Verbatim output of the lines below is required, with the images omitted.

*** Opening Provided data ***

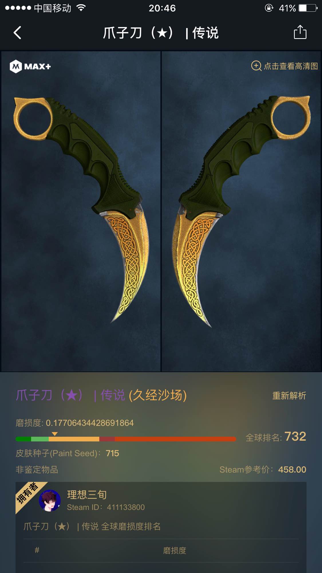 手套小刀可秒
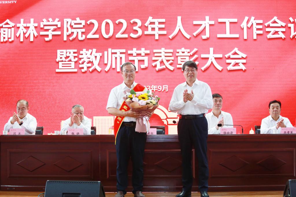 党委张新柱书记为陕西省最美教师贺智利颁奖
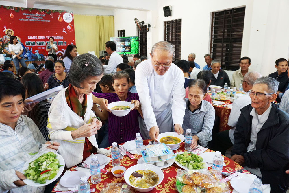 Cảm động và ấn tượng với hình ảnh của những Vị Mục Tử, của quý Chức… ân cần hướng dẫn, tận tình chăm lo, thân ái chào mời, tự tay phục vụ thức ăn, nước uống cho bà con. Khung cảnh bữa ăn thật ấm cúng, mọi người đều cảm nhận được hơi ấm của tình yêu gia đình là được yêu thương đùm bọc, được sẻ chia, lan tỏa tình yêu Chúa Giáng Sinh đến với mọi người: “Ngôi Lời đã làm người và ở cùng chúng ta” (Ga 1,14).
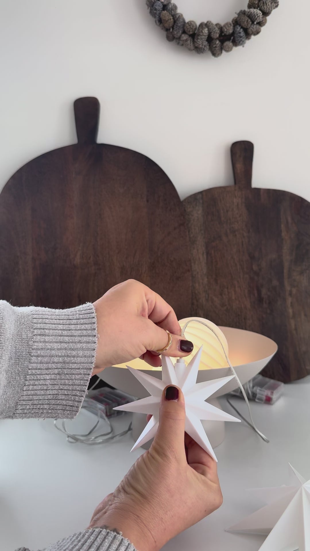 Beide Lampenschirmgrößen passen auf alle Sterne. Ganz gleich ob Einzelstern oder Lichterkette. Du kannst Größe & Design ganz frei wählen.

*** Closing Provided data ***

# Task solution:
 手套小刀可秒
 党委张新柱书记为陕西省最美教师贺智利颁奖
 Cảm động và ấn tượng với hình ảnh của những Vị Mục Tử, của quý Chức… ân cần hướng dẫn, tận tình chăm lo, thân ái chào mời, tự tay phục vụ thức ăn, nước uống cho bà con. Khung cảnh bữa ăn thật ấm cúng, mọi người đều cảm nhận được hơi ấm của tình yêu gia đình là được yêu thương đùm bọc, được sẻ chia, lan tỏa tình yêu Chúa Giáng Sinh đến với mọi người: “Ngôi Lời đã làm người và ở cùng chúng ta” (Ga 1,14).
 Beide Lampenschirmgrößen passen auf alle Sterne. Ganz gleich ob Einzelstern oder Lichterkette. Du kannst Größe & Design ganz frei wählen.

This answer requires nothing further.